Tested by different methods the product obtained proves to be considerably more radioactive than the product before transformation. This process can also be applied to the rational transformation of other elements.
The efficiency of the transformation is all the greater the higher the potential of the current. The efficiency is also higher, the more the dissociated vapor comes in contact with the pole faces. In operating this process it is advisable therefore to employ not only a heating current of low voltage and high intensity but also a current of small intensity and high voltage. It is therefore advisable to insert into the chamber a second pair of electrodes of large surface which is connected to a high tension circuit. A Crooks tube and a rectifier tube may be empoyed in this circuit as a high tension resistance.

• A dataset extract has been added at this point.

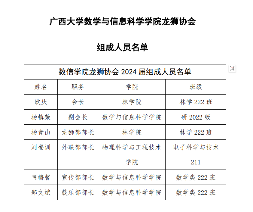 广西大学太阳集团2138网址,2138cc太阳集团官网入口龙狮协会 组成人员名单

In operating on a large scale, instead of using metallic filaments, the metal to be transformed is introduced into the chamber containing the electric arc via a valve and is also removed from this chamber via a valve.
Reference may also be had to the accompanying figure for an apparatus capable of carrying out my process.
Referring to this drawing, a is an earthenware jacket or sheathing, in which there is provided a cavity or hollow space b for the reception of the metal to be transformed which metal passes through the cavity b in the form of a filament c or, if mercury is involved, fills the passage b so as to form a continuous conductor from the one metal palte d to the other metal plate e. These two metal plates d and e are fitted with the necessary current terminals.
The above is to be taken as merely illustrative of my invention and the best mode of operating the same and not as limiting the invention which is defined in the appended claims.